What’s happening here:

  • self.axon_ptrs is a NumPy array: [[start0, end0], [start1, end1], ...]

  • For our network, axon 0: [0, 0] → length=1, start=0

  • Converts to binary format: 9 bits for length + 23 bits for address

  • Adds HBM write command opcode (0x02)

  • Calls dmadump.dma_dump_write() to send via PCIe

Example for Axon 0 pointer:

p = (0, 0)  # Start row 0, end row 0 (1 row total)
length = 0 - 0 = 0... wait, that's wrong!
# Actually the code does p[1] - p[0] but these are (start, end) inclusive
# So if start=0, end=0, that means 1 row (from 0 to 0 inclusive)
# But the binary repr treats it as end - start = 0
# Actually looking closer, length = p[1] - p[0] = end - start
# If there's 1 row, and we use inclusive indexing, end would equal start
# So length = 0... but we want to represent "1 row"
#
# Let me re-read: PTR_LEN_BITS = 9, stores number of rows
# The pointer stores: how many rows of synapses
# For axon 0 with 5 synapses, that fits in 1 row (8 synapses per row)
# So length should be 1
#
# Looking at line 176: binAddr = np.binary_repr(p[1] - p[0], PTR_LEN_BITS)
# If p = (start_row, end_row) and there's 1 row:
#   If 0-indexed and end is exclusive: p = (0, 1) → 1 - 0 = 1 ✓
#   If 0-indexed and end is inclusive: p = (0, 0) → 0 - 0 = 0 ✗
# The code must use exclusive end indexing
# So for axon 0: p = (0, 1) meaning rows [0, 1) = row 0
#
# Correcting:
p = (0, 1)  # Start row 0, end row 1 (exclusive) = 1 row
length = 1 - 0 = 1  # Binary: 0b000000001 (9 bits)
start = 0 + SYN_BASE_ADDR = 0 + 0x8000 = 0x8000  # Binary: 23 bits
binAddr = "000000001" + "00000000000001000000000"  # 32 bits total
        = 0b00000000100000000000001000000000
        = 0x0080_0000

Bytes: [0x00, 0x80, 0x00, 0x00]  (little-endian order in array)

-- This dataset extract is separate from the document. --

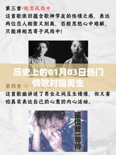早在流行音乐的黄金时代,就有许多经典情歌对唱作品诞生于01月03日前后,如《心雨》和《你是我心内的一首歌》,这些歌曲以其优美的旋律和深情的歌词,成为了许多恋人之间的甜蜜回忆,这些歌曲通常由两位男歌手共同演绎,展现了男生之间的深厚友情和对爱情的独特见解。

Step 1.4: fpga_compiler generates neuron pointers

File: hs_bridge/FPGA_Execution/fpga_compiler.py (lines 225-268)

Same process as axon pointers, but for self.neuron_ptrs array. Writes to HBM starting at NRN_BASE_ADDR = 0x4000.

Step 1.5: fpga_compiler generates synapses

File: hs_bridge/FPGA_Execution/fpga_compiler.py (lines 271-360)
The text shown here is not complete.